## What is expected:
If you see a picture in the data below, omit it and copy the rest exactly.

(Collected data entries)
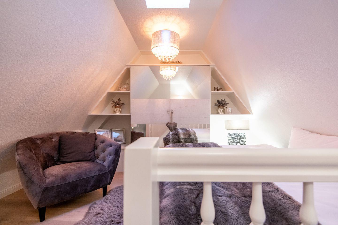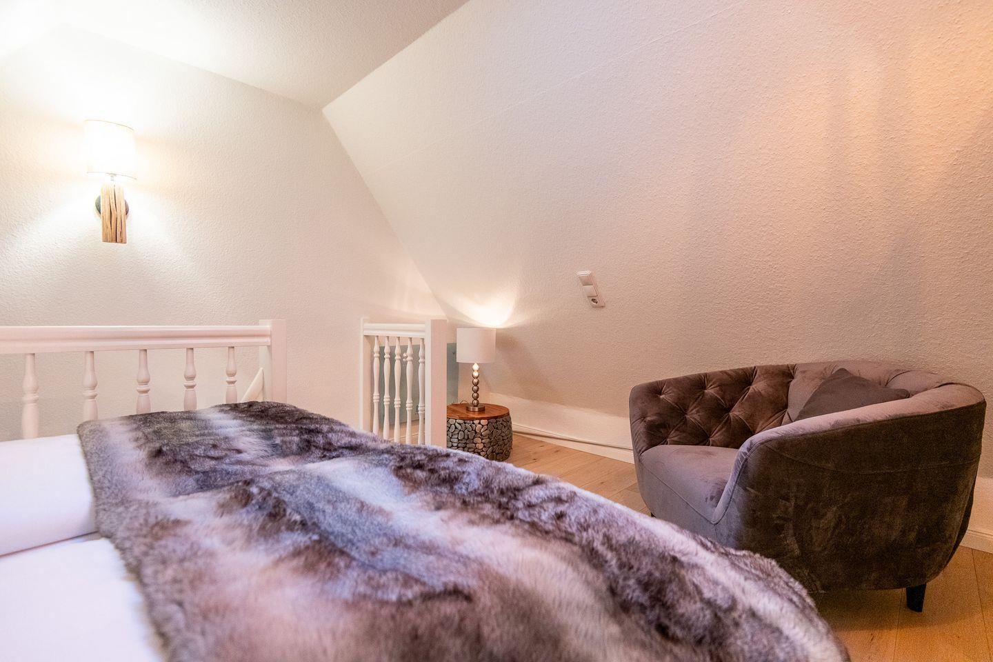 Im gemütlichen Schlafzimmer mit bequemen Bett, Kleiderschrank und einem Sessel finden Sie Ihre wohlverdiente Ruhe. Hier oben unter dem Reetdach schlafen Sie besonders geborgen – ideal, um die Eindrücke eines Urlaubstags Revue passieren zu lassen.
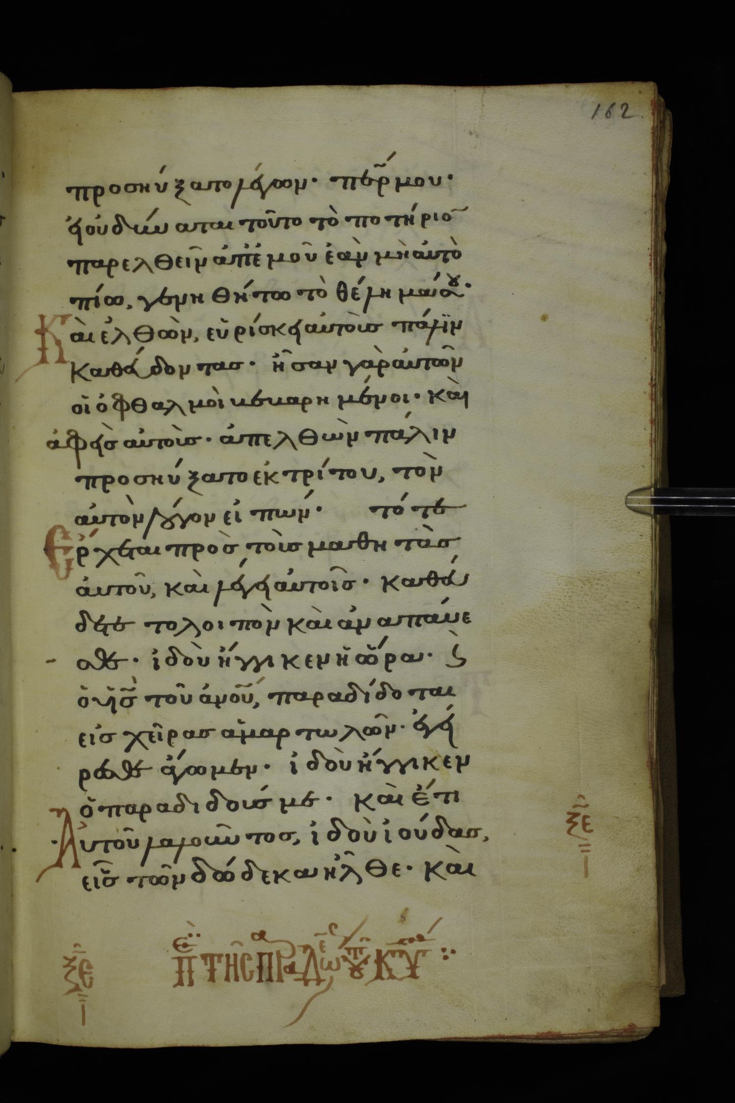 Fourteenth century minuscule of the Gospels on parchment; 332 leaves, 1 column, 20-22 lines per column. Images were taken at the National Library of Greece in Athens.
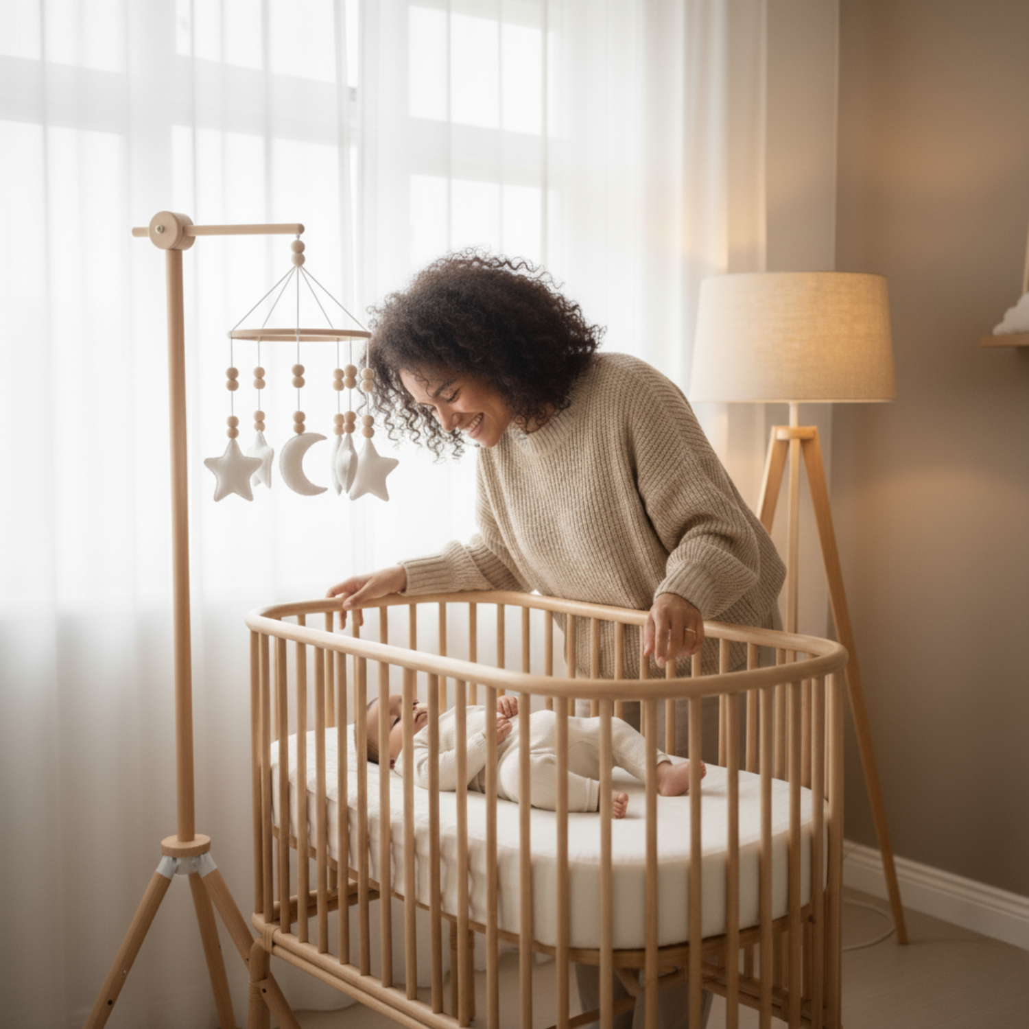 Nous souhaitons inspirer les parents, apaiser les bébés et transformer chaque chambre en un petit refuge — un lieu où l’on rêve, où l’on respire et où l’on s’aime.
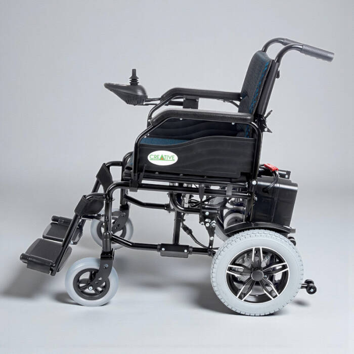 Creative CR-1002 Akülü Tekerlekli Sandalye iç ve dış mekanlarda konforlu ve pratik kullanım deneyimi sunar. Katlanabilir şase ile dilediğiniz her yere götürebileceğiniz bu ürün, kompakt tasarımı ile depolama esnasında fazla yer kaplamaz. Aynı zamanda elektrostatik boya ile tasarlanmış, korozyona dayanıklı güçlü şasesi ile kullanıcılara uzun ömürlü kullanım vaat eder.
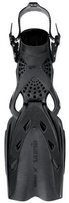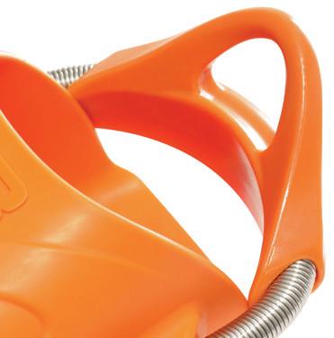 돌출형 풋 플레이트는 다이버가 핀을 쉽 게 착용할 수 있도록 부츠와 고무로 된 풋 포켓 사이의 마찰을 줄입니다.
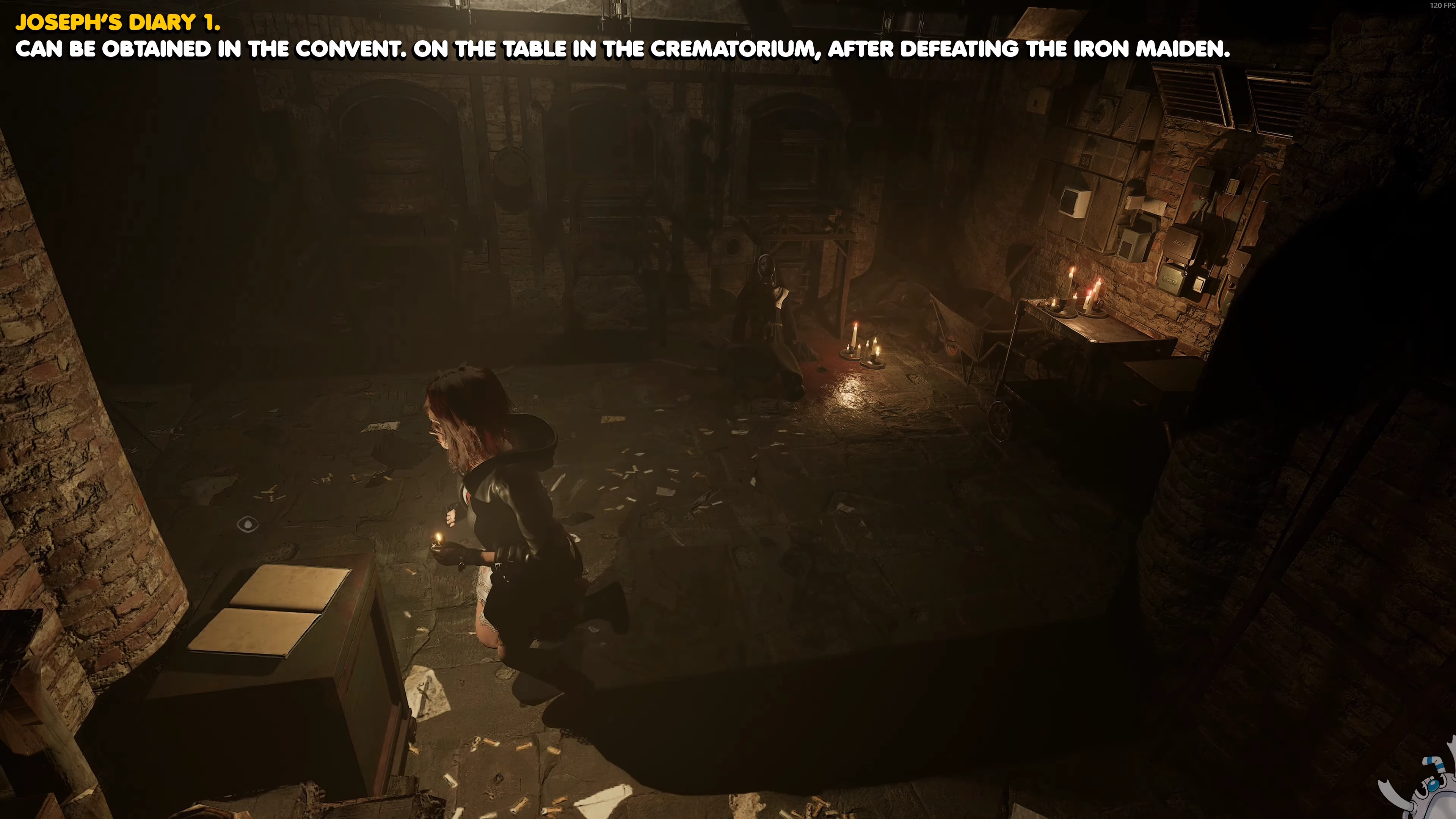 Вернитесь в крематорий после победы над Железной Девой в приделе Богоматери и заберите дневник на ящике.
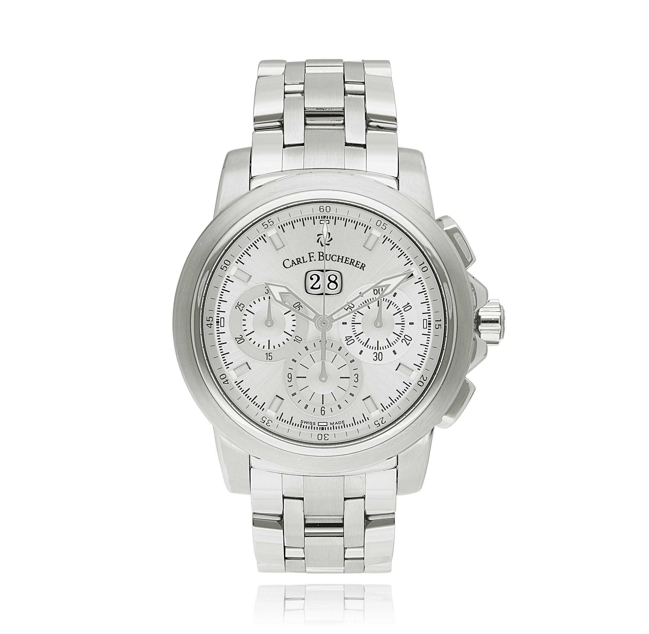 Carl F. Bucherer Patravi, with a 45 mm stainless steel case and a sapphire glass, water resistant; inside is the automatic calibre 4500/2892-a2, chronograph as additional function a silver index face with date indication, the bracelet is a steel metal bracelet; accessory: bucherer box
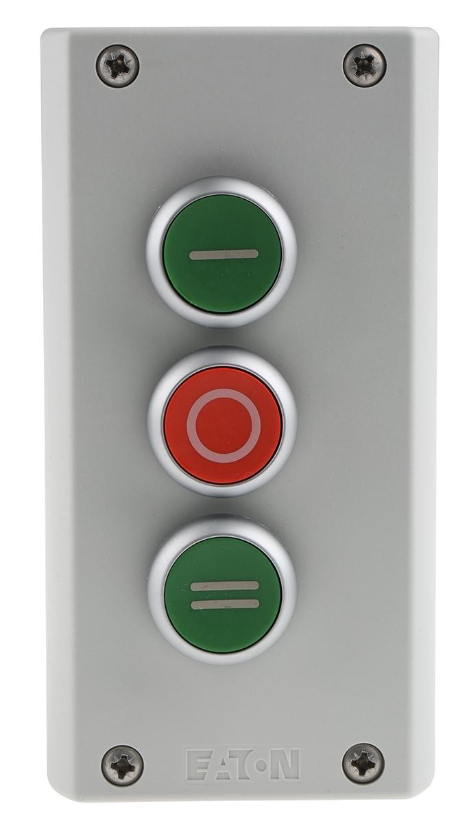 This is Momentary Enclosed Push Button - 3NO/3NC Plastic 3 Cutouts Green/Red/Green I/O/II IP69K manufactured by Eaton. The manufacturer part number is 216532 M22-I3-M1. Whereas, the minimum operating temperature of the product is -25°c. The product eaton moeller, is a highly preferred choice for users. Its accurate length is 153mm. Furthermore, the product is 80mm wide. The product comes in 56mm depth. It has a maximum operating temperature of +70°c. The terminal is a screw type.
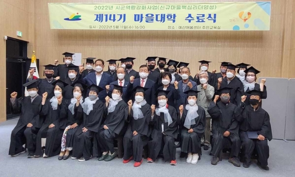 [충청뉴스큐] 예산군은 지난 11일 예산해봄센터 주민교육실에서 예산군행복마을지원센터가 주관하는 ‘제14기 마을대학’ 수료식을 개최했다.
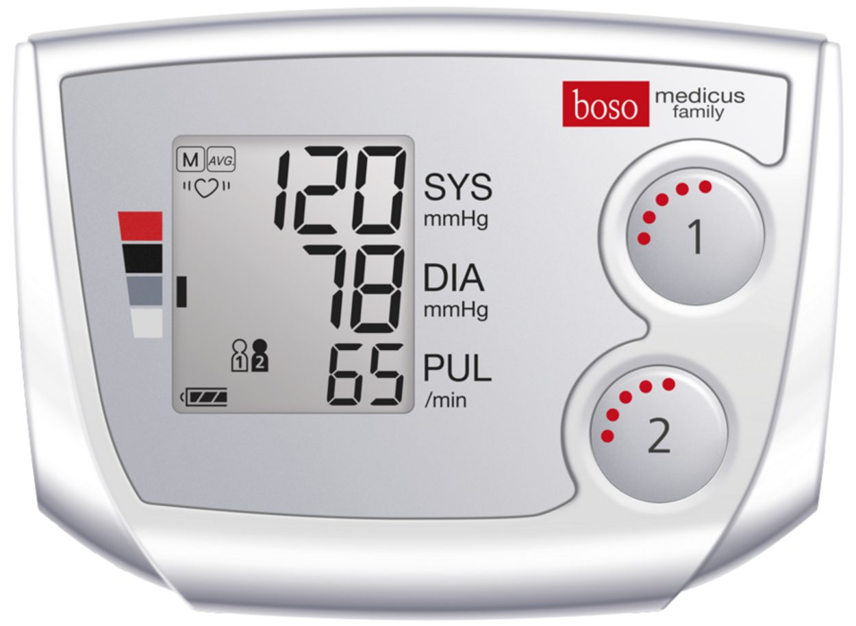 Lieferumfang | Blutdruckmessgerät boso medicus family Universalmanschette (22-42 cm) Batterien Blutdruckpass Reise-Etui |
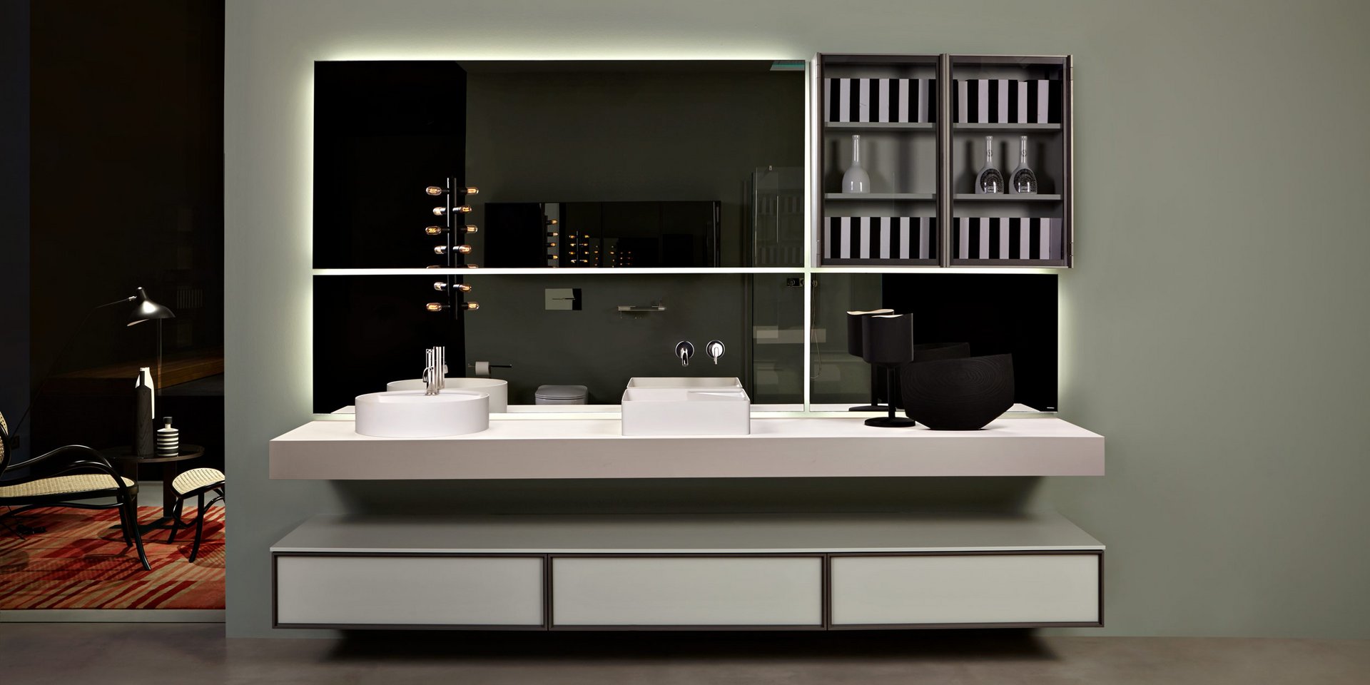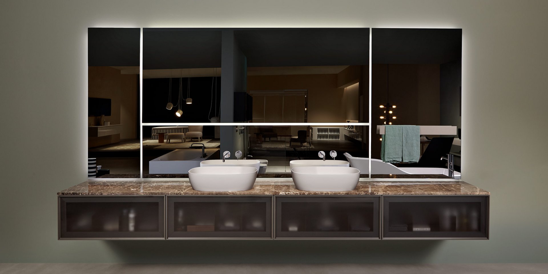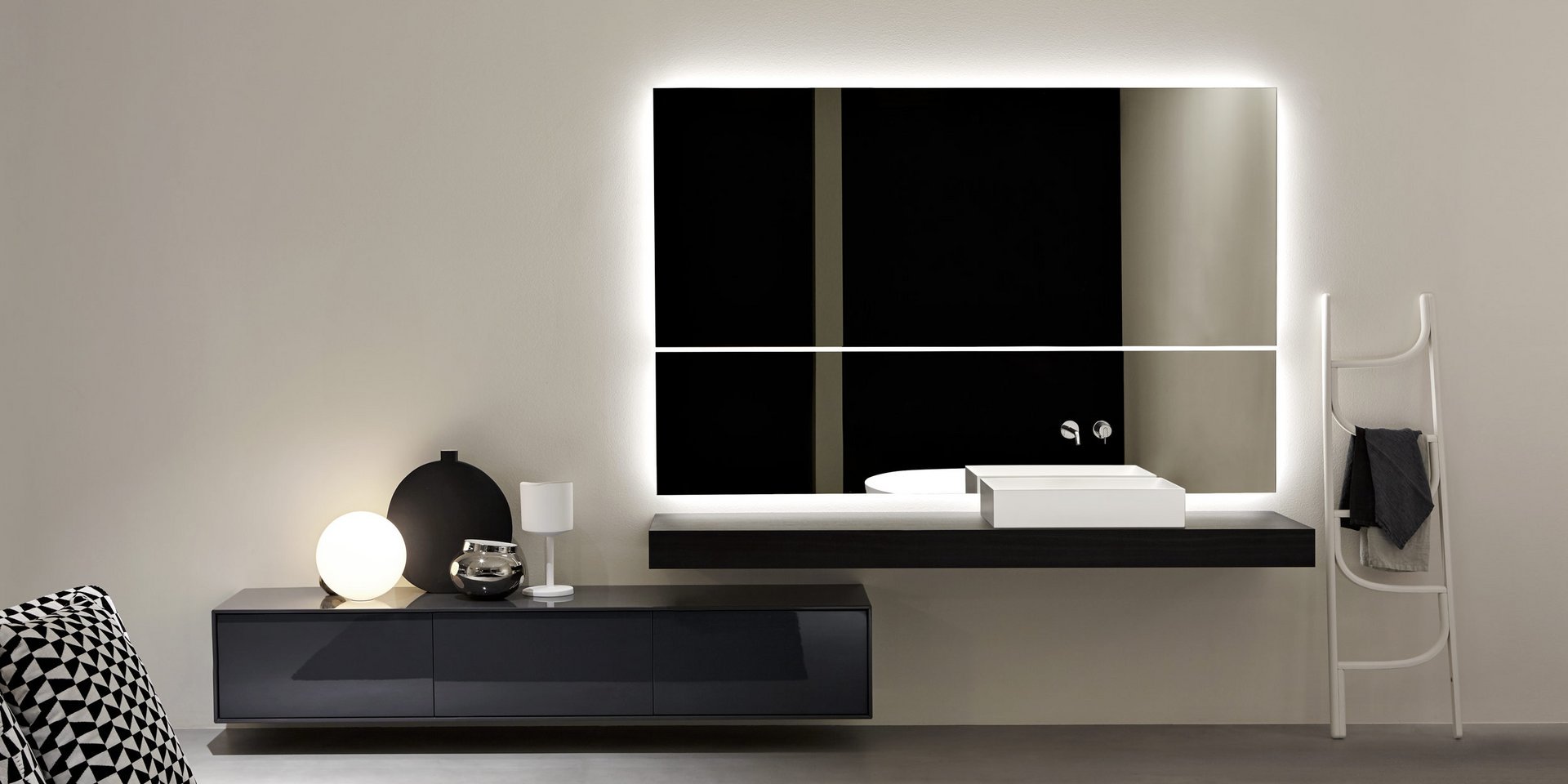 Polished edge mirror mounted horizontally or vertically complete with frame and white led lighting prepared for concealed valves Art. SP201INSA, Art. SP201INLU and/or towel rail Art. RETTA

## Answer for the task:
 Im gemütlichen Schlafzimmer mit bequemen Bett, Kleiderschrank und einem Sessel finden Sie Ihre wohlverdiente Ruhe. Hier oben unter dem Reetdach schlafen Sie besonders geborgen – ideal, um die Eindrücke eines Urlaubstags Revue passieren zu lassen.
 Fourteenth century minuscule of the Gospels on parchment; 332 leaves, 1 column, 20-22 lines per column. Images were taken at the National Library of Greece in Athens.
 Nous souhaitons inspirer les parents, apaiser les bébés et transformer chaque chambre en un petit refuge — un lieu où l’on rêve, où l’on respire et où l’on s’aime.
 Creative CR-1002 Akülü Tekerlekli Sandalye iç ve dış mekanlarda konforlu ve pratik kullanım deneyimi sunar. Katlanabilir şase ile dilediğiniz her yere götürebileceğiniz bu ürün, kompakt tasarımı ile depolama esnasında fazla yer kaplamaz. Aynı zamanda elektrostatik boya ile tasarlanmış, korozyona dayanıklı güçlü şasesi ile kullanıcılara uzun ömürlü kullanım vaat eder.
 돌출형 풋 플레이트는 다이버가 핀을 쉽 게 착용할 수 있도록 부츠와 고무로 된 풋 포켓 사이의 마찰을 줄입니다.
 Вернитесь в крематорий после победы над Железной Девой в приделе Богоматери и заберите дневник на ящике.
 Carl F. Bucherer Patravi, with a 45 mm stainless steel case and a sapphire glass, water resistant; inside is the automatic calibre 4500/2892-a2, chronograph as additional function a silver index face with date indication, the bracelet is a steel metal bracelet; accessory: bucherer box
 This is Momentary Enclosed Push Button - 3NO/3NC Plastic 3 Cutouts Green/Red/Green I/O/II IP69K manufactured by Eaton. The manufacturer part number is 216532 M22-I3-M1. Whereas, the minimum operating temperature of the product is -25°c. The product eaton moeller, is a highly preferred choice for users. Its accurate length is 153mm. Furthermore, the product is 80mm wide. The product comes in 56mm depth. It has a maximum operating temperature of +70°c. The terminal is a screw type.
 [충청뉴스큐] 예산군은 지난 11일 예산해봄센터 주민교육실에서 예산군행복마을지원센터가 주관하는 ‘제14기 마을대학’ 수료식을 개최했다.
 Lieferumfang | Blutdruckmessgerät boso medicus family Universalmanschette (22-42 cm) Batterien Blutdruckpass Reise-Etui |
 Polished edge mirror mounted horizontally or vertically complete with frame and white led lighting prepared for concealed valves Art. SP201INSA, Art. SP201INLU and/or towel rail Art. RETTA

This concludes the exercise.